Required work - A full, word-for-word copy of the listing below is needed; leave the images out of it.

Collected data -
Segment Open

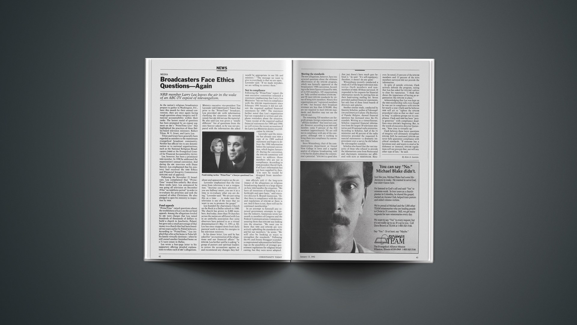 NRB member Larry Lea leaves the air in the wake of an ABC-TV exposé of televangelism.
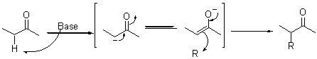 カルボニル基のα位の水素の酸性度は高い(pKa=19〜20)。これは中間体は共鳴安定化することが出来るためである。そのため塩基を用いると容易にプロトン引き抜きが進行し図6に示す中間体を経て反応が進行する。
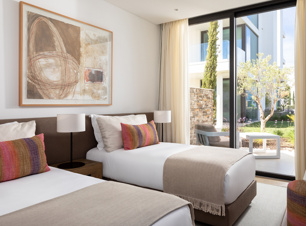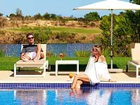 The apartment is located on the garden level of a modern building with 2 floors with elevator in a private residence in the area of Vila Nova de Cacela.

Segment Closed

Your solution -
 NRB member Larry Lea leaves the air in the wake of an ABC-TV exposé of televangelism.
 カルボニル基のα位の水素の酸性度は高い(pKa=19〜20)。これは中間体は共鳴安定化することが出来るためである。そのため塩基を用いると容易にプロトン引き抜きが進行し図6に示す中間体を経て反応が進行する。
 The apartment is located on the garden level of a modern building with 2 floors with elevator in a private residence in the area of Vila Nova de Cacela.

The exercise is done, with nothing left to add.